An admirable in-depth article. Just a stupid question (I'm so slow-witted) : I still don't catch the link between the rmem_default/rmem_max sysctl parameters (socket receive buffer default/max length) and the buffer allocated by dev_alloc_skb(). Socket receive buffer vs buffer of skb : are we talking about he same memory area, or are they different things (involving necessarily a copy from the one to the other, sooner or later) ?
Thanks for anyone who would make it clear to me,
Telenn
Missing pictures
The links to figures do not work (File not found error). I guess time does matter (1996 article!). To anyone reading this article, please provide us some links for the pictures (or link to some other up to date articles).
Thank you,
Ovy
Fixed
Should be working now.
Mitch Frazier is an Associate Editor for Linux Journal.
thnx
thanx for the great article..
at each layer the data and tail pointers change right??
so if i need to acces the L7 data,consider UDP can i take the from pre routing hook can i take data+udphdr->length..??
Help Required....
Hi Alan Cox,
Thanx for the article.
Iam Ram.Iam new to device driver development.
some how i manged to write a network driver.
still i need some help.But I want to access the driver functions directly from user program written in c.
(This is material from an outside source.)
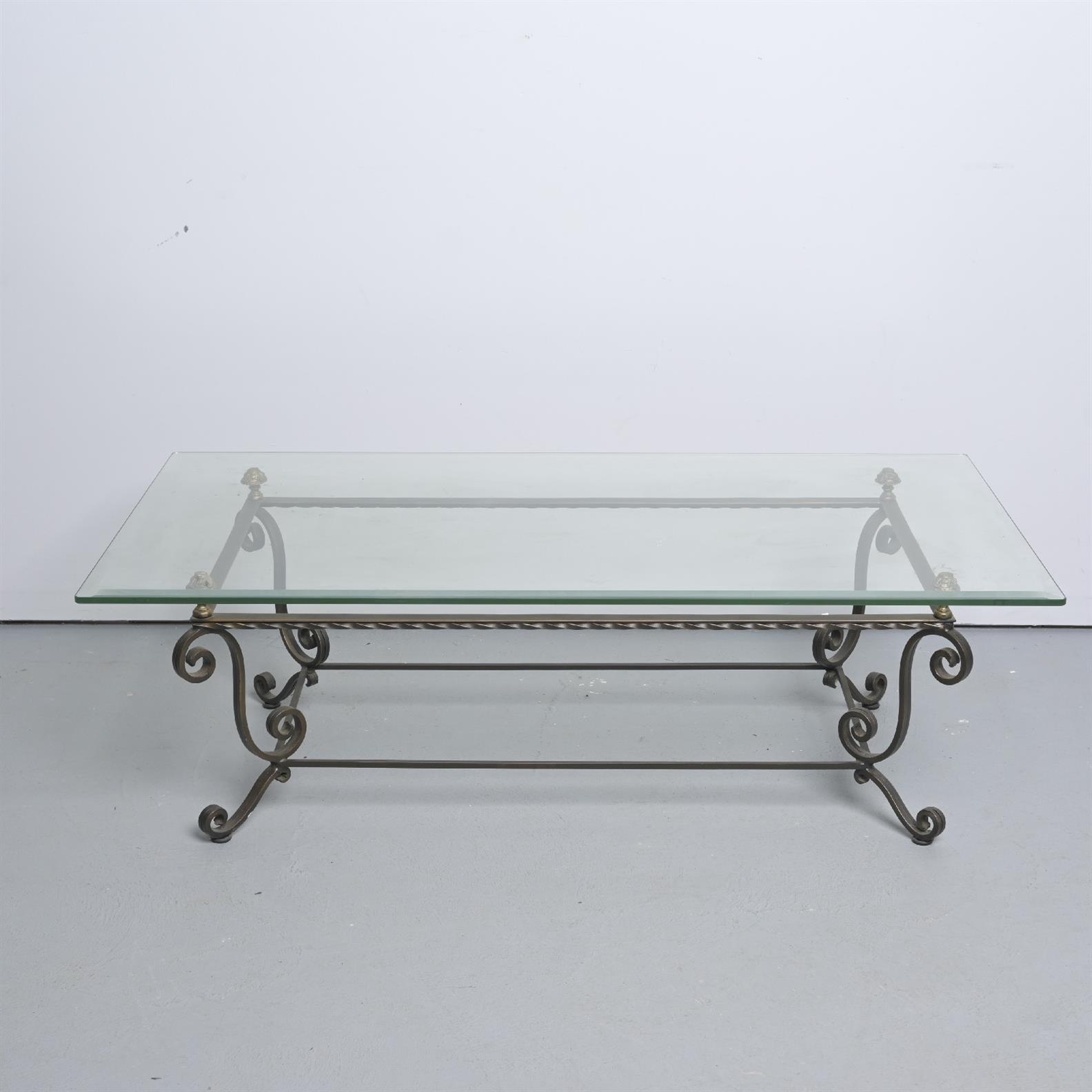 A METAL FRAMED AND GLASS TOP COFFEE TABLE (41H X 130W X 70D CM) (LEONARD JOEL DELIVERY SIZE: X-LARGE)

i.e. I want to access the open,close,hard_start_xmit(),ioctl functions directly without using the socket api(socket,bind,connect etc). I want my own function api.
is it possible to do it.
Thanx in adavance,
good article
thanks for this article. It explains most of the things. But still I feel that some more thing related to Bottom Half/Top half processing should be added. and also things are not clear about the logic of freeing/owning skbuffers.
Ajay